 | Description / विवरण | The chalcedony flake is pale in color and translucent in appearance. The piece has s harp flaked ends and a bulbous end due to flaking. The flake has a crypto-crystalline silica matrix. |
---
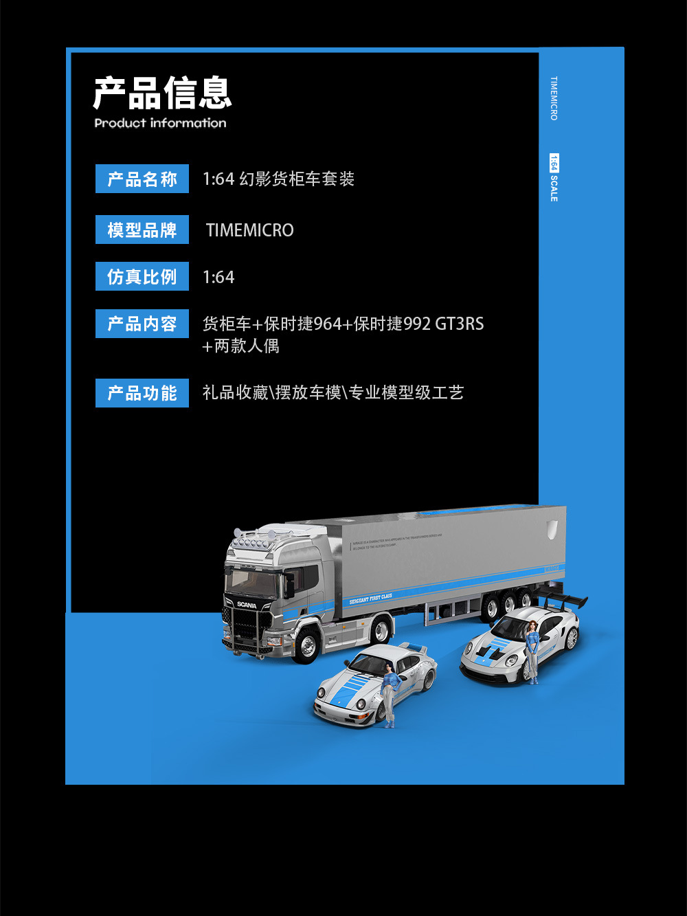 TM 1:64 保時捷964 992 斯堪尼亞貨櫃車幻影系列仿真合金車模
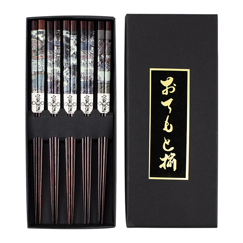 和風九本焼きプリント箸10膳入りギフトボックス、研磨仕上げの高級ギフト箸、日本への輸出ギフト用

Your objective
From the records above, transcribe exactly the lines starting at the one containing "TM 1:64 保時捷964 992 斯堪尼亞貨櫃車幻影系列仿真合金車模" and ending at the one containing "和風九本焼きプリント箸10膳". Skip the pictures.

Expected answer
 TM 1:64 保時捷964 992 斯堪尼亞貨櫃車幻影系列仿真合金車模
 和風九本焼きプリント箸10膳入りギフトボックス、研磨仕上げの高級ギフト箸、日本への輸出ギフト用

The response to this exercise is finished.